Робин и Виктория обменялись взглядами. Им обоим было довольно стыдно за свое презрение к забастовщикам в прошлом году. Они купились на утверждения профессора Ловелла, что забастовщики просто ленивы, жалки и недостойны элементарных экономических достоинств. Но насколько разными, на самом деле, были их причины?

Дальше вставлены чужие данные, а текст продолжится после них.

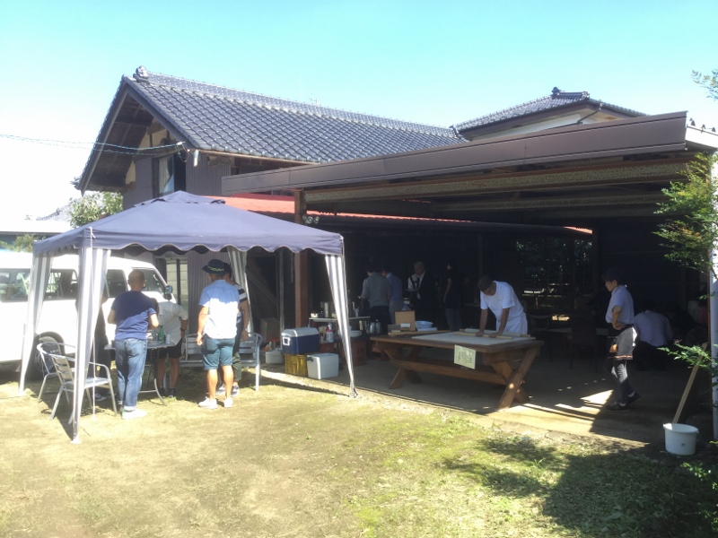午後の部では、本格的なBBQ(プロも顔負けの味)と、新そばをそば打ち名人4段の
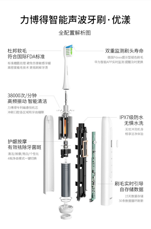 作为新加入HUAWEI HiLink智能家居生态的全新产品,力博得智能声波牙刷·优漾用了声波振动频率能够达到38000次/分钟的磁悬恒机芯技术,放入口中一键启动就能将牙膏和水在口腔中转化成无数微气泡,强劲的冲击力能够高效的清洁口腔各区域!无需花费大把力气就能轻松将牙垢、牙菌斑强力清除!
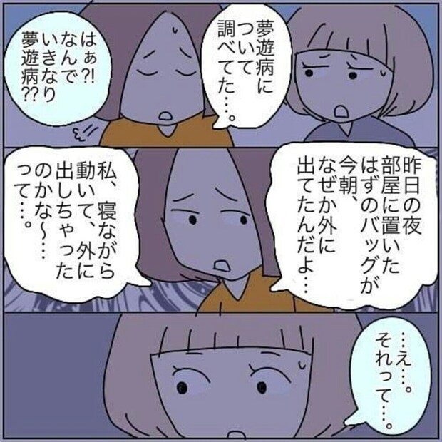 ある日、夢遊病について調べていた加藤かとさん。実はその前日、飲み会に参加し楽しい気分で帰ってきたのですが、朝起きるとカバンが家の外に出ていたのです。かとさんは自分の記憶違いか夢遊病を疑っていますが、友人は別の何かを心配している様子。
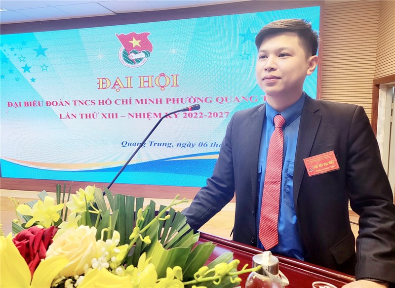 Bí thư Đoàn TNCS HCM phường Quang Trung báo cáo tại Đại hội.
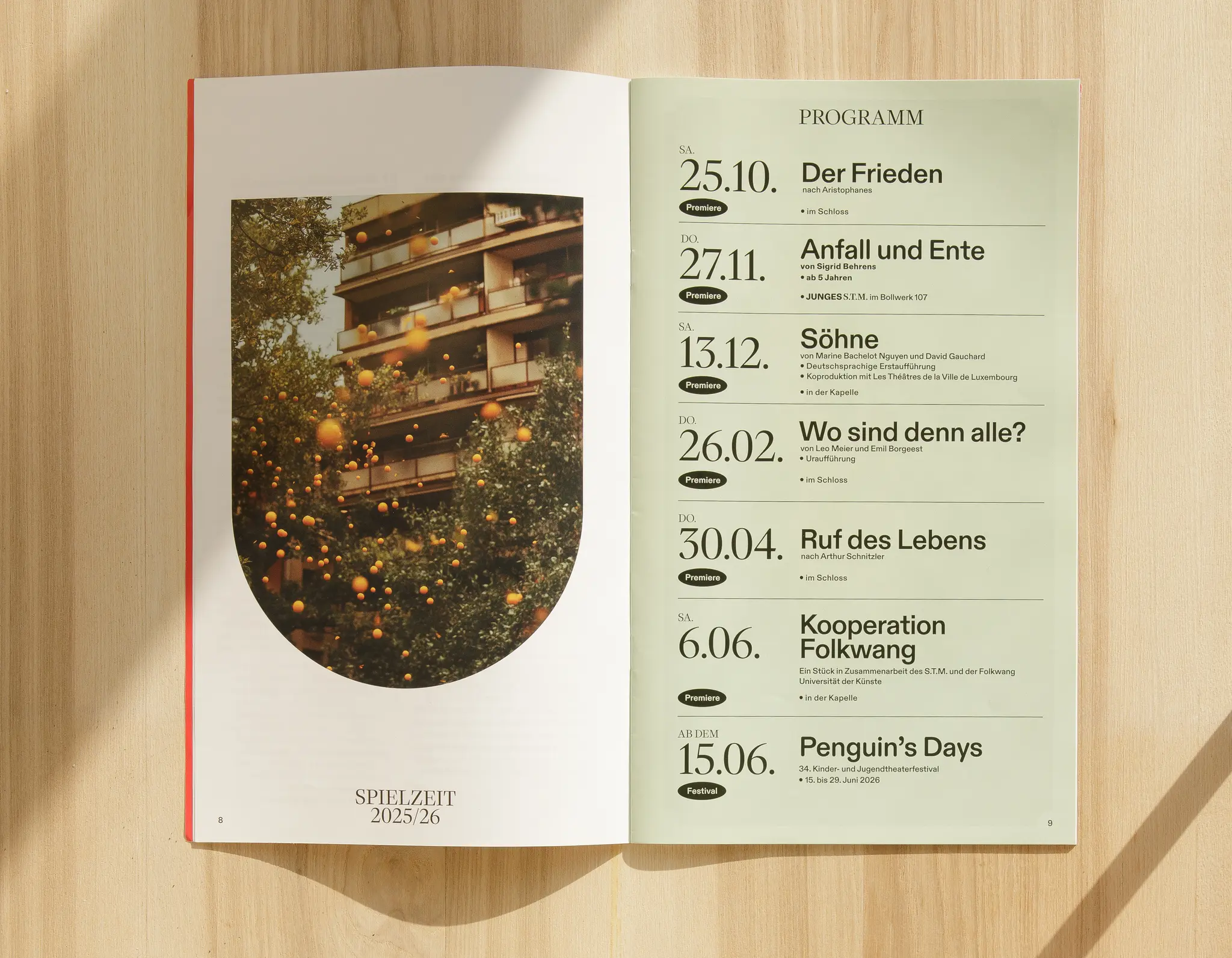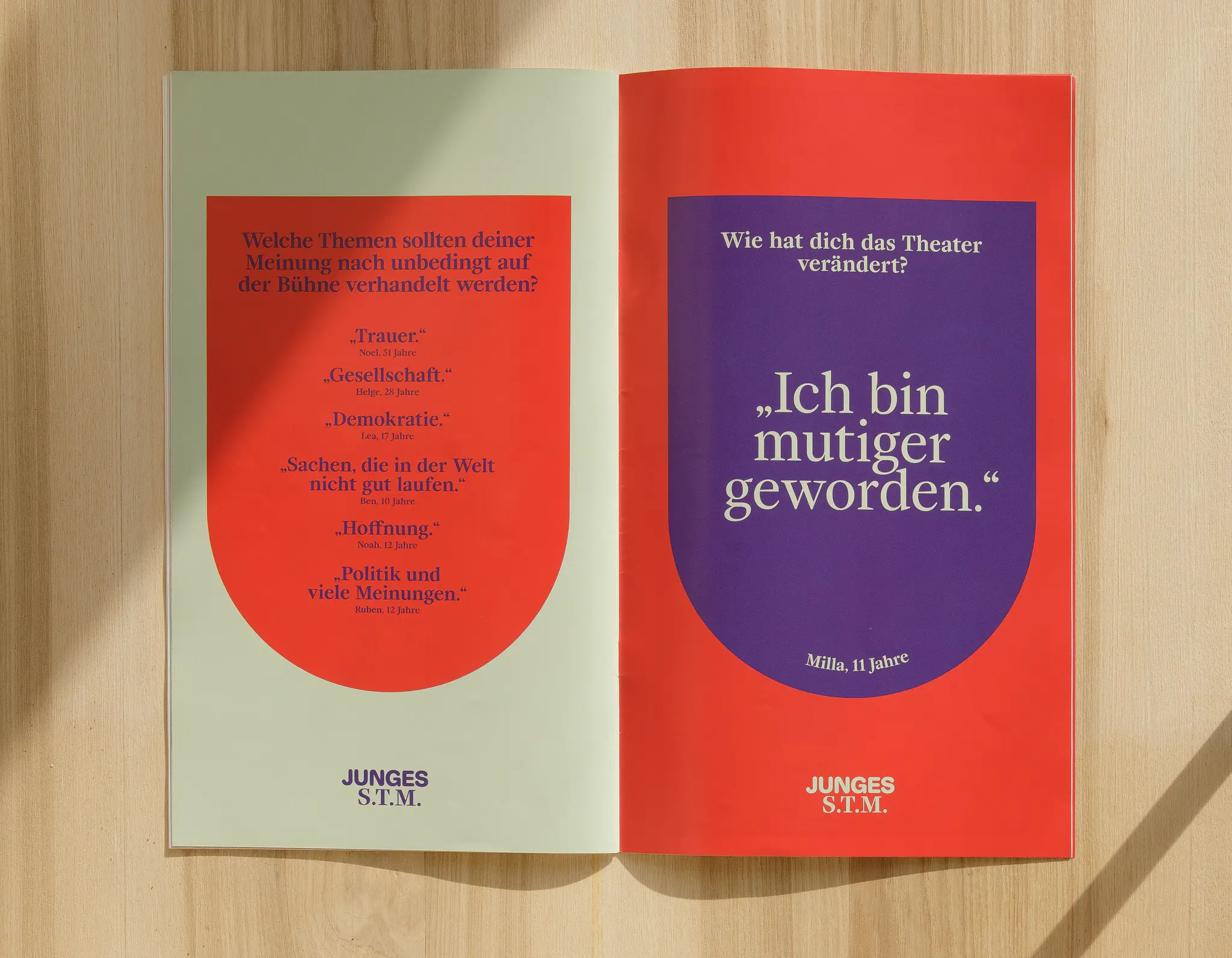 Zur Ausstattung des S.T.M. gehören auch die von uns gestalteten Spielzeithefte und die vierteljährlich erscheinenden Leporellos, Kommunikationsvorlagen, Hard-Tickets, Merchandise und Fahnen. Wir freuen uns außerdem, Sparring-Partner für Interior-Design gewesen zu sein, und sind gespannt darauf, auch über die kommenden Jahre hinweg genauso weiterzumachen – als Partner für Strategie, Gestaltung, Fragen und Lösungen.
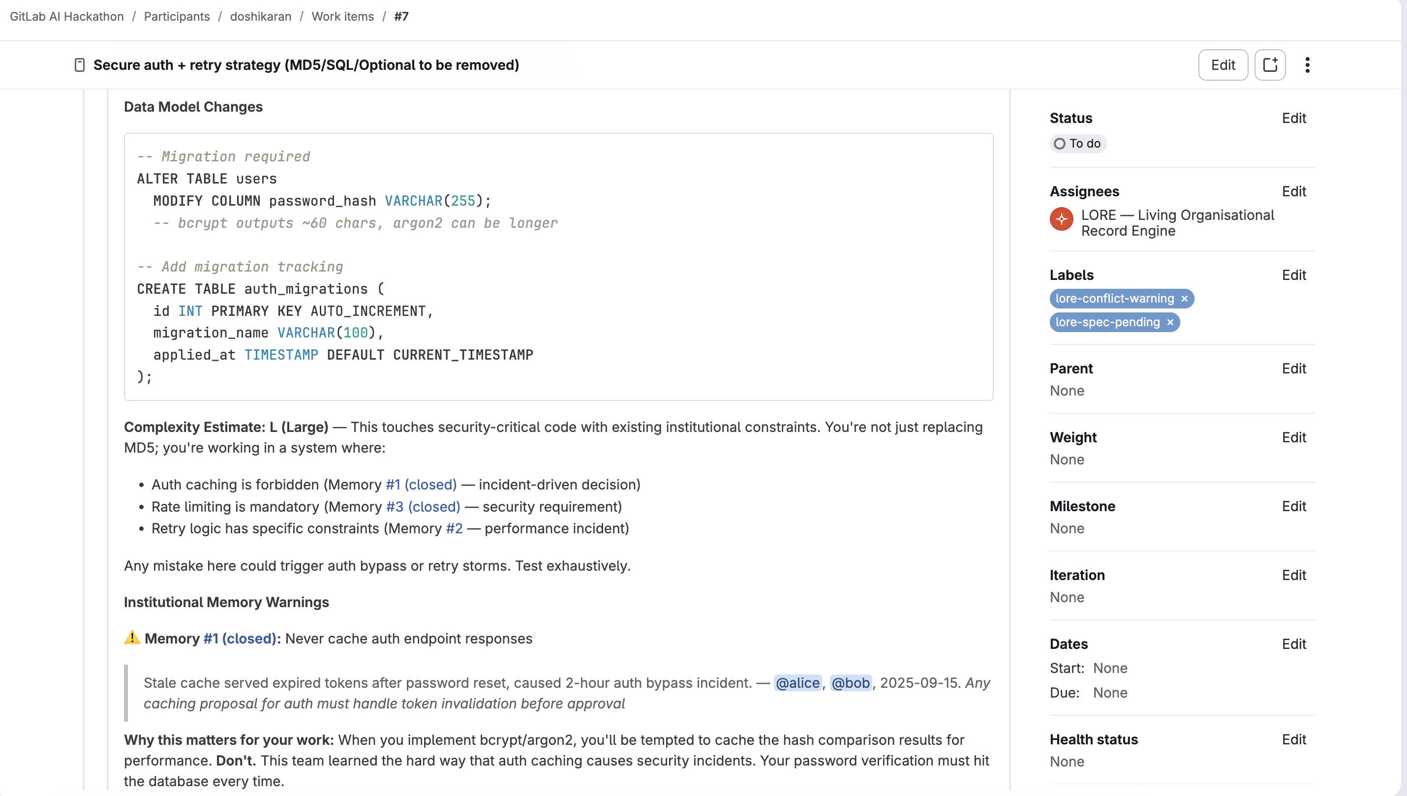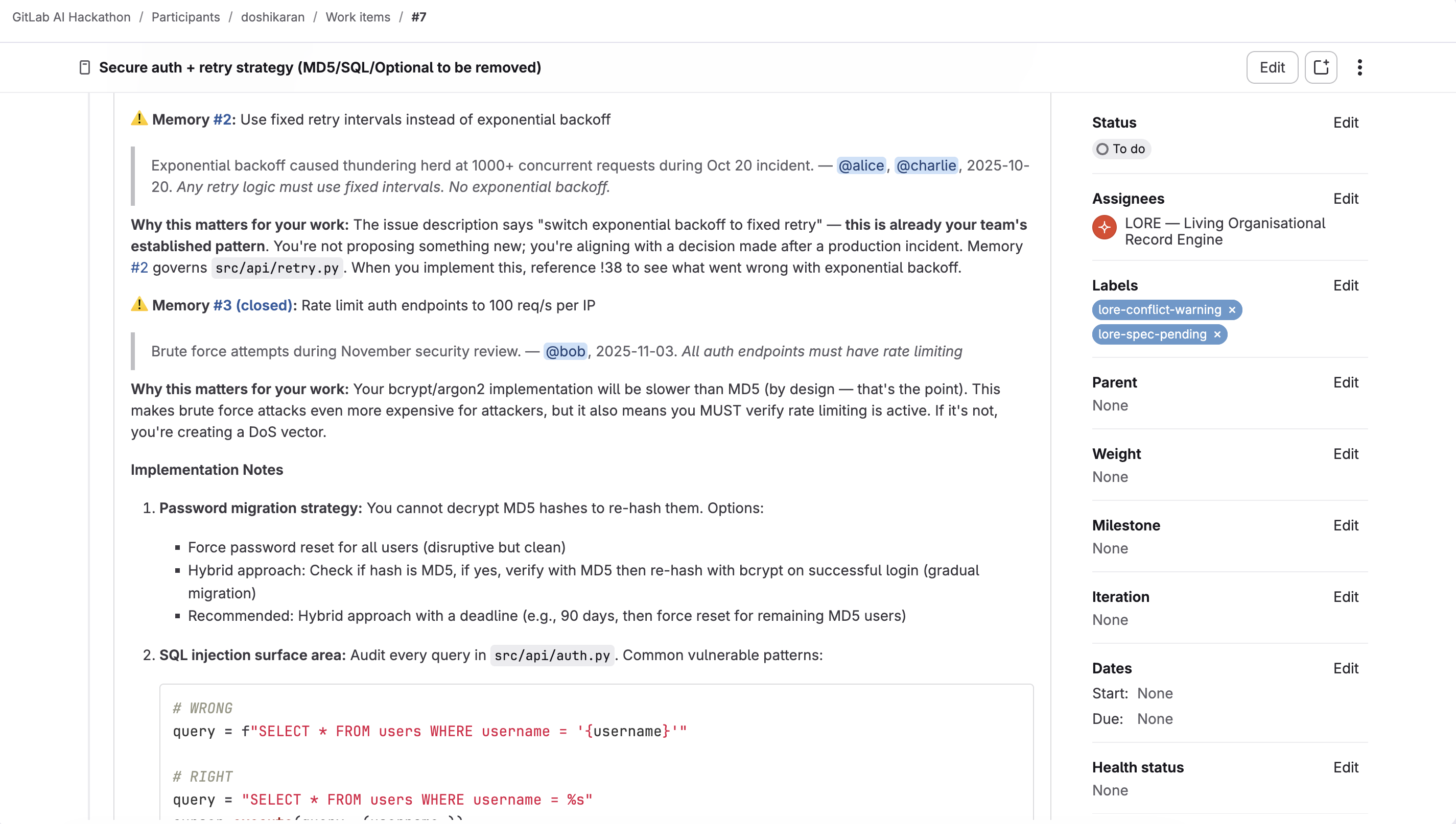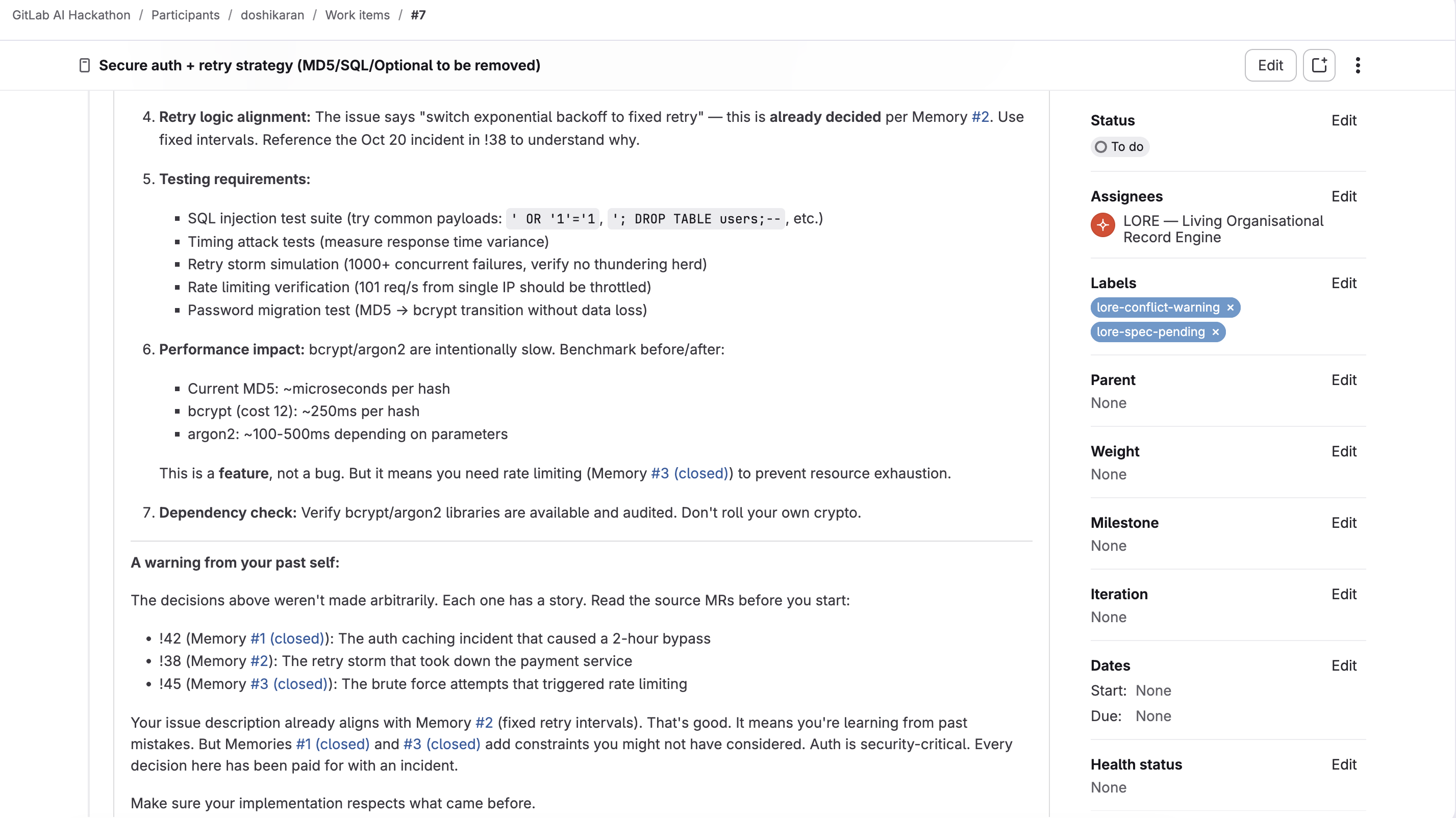 #Nto issues - LORE writes "Memory #1" but GitLab turns it into an issue link. Fixed by switching toLORE-MEMORY-001format. - Duo agents can't write to wiki - LORE reads from wiki, writes to issues. Built

— Дело никогда не было в серебре, — сказал Абель. — Теперь вы это понимаете, не так ли? Дело было в снижении зарплаты. Халатная работа. Женщин и детей держали целыми днями в жарких душных помещениях, опасность непроверенных машин, за которыми глаз не может уследить. Мы страдали. И мы только хотели, чтобы вы это увидели.

— Я знаю, — сказал Робин. — Мы знаем это сейчас.

— И мы не хотели причинить вред никому из вас. Ну, не всерьез.

Виктория заколебалась, затем кивнула.

— Я могу попытаться поверить в это.

— Как бы то ни было. — Абель жестом указал на баррикады позади себя. Движение было крайне неловким, как будто жених демонстрирует свои розы. — Мы узнали, что вы задумали, и подумали, что можем подойти и помочь. По крайней мере, мы можем помешать этим шутам сжечь башню.

— Что ж, спасибо. — Робин не знал, что на это сказать; он все еще не мог поверить, что это происходит. Хочешь... хочешь зайти внутрь? Обсудить все?

— Ну, да, — сказал Абель. — Вот почему я здесь.

Они отступили к двери и пригласили его войти.

И так были очерчены линии сражения. В тот день началось самое странное сотрудничество, свидетелем которого Робин когда-либо был. Люди, которые несколько недель назад выкрикивали непристойности в адрес студентов Вавилона, теперь сидели в холле среди них, обсуждая тактику уличной войны и целостность барьеров. Профессор Крафт и нападающий по имени Морис Лонг стояли, склонив головы над картой Оксфорда, и обсуждали идеальные места для установки новых барьеров, чтобы блокировать точки входа армии. «Баррикады — единственная хорошая вещь, которую мы импортировали от французов, — говорил Морис.[18] «На широких дорогах нам нужны низкие препятствия — брусчатка, перевернутые деревья и тому подобное. Это займет время на расчистку, и не позволит им пустить в ход лошадей или тяжелую артиллерию. А здесь, если мы перекроем более узкие подъезды вокруг четырехугольника, мы сможем ограничить их Хай-стрит... "[19].

За столом с несколькими другими забастовщиками сидели Виктория и Ибрагим, послушно делая заметки о том, какие серебряные слитки могут лучше всего помочь их обороне. Слово «бочки» звучало довольно часто; Робин, подслушав, понял, что они планируют совершить набег на винные погреба для усиления конструкции[20].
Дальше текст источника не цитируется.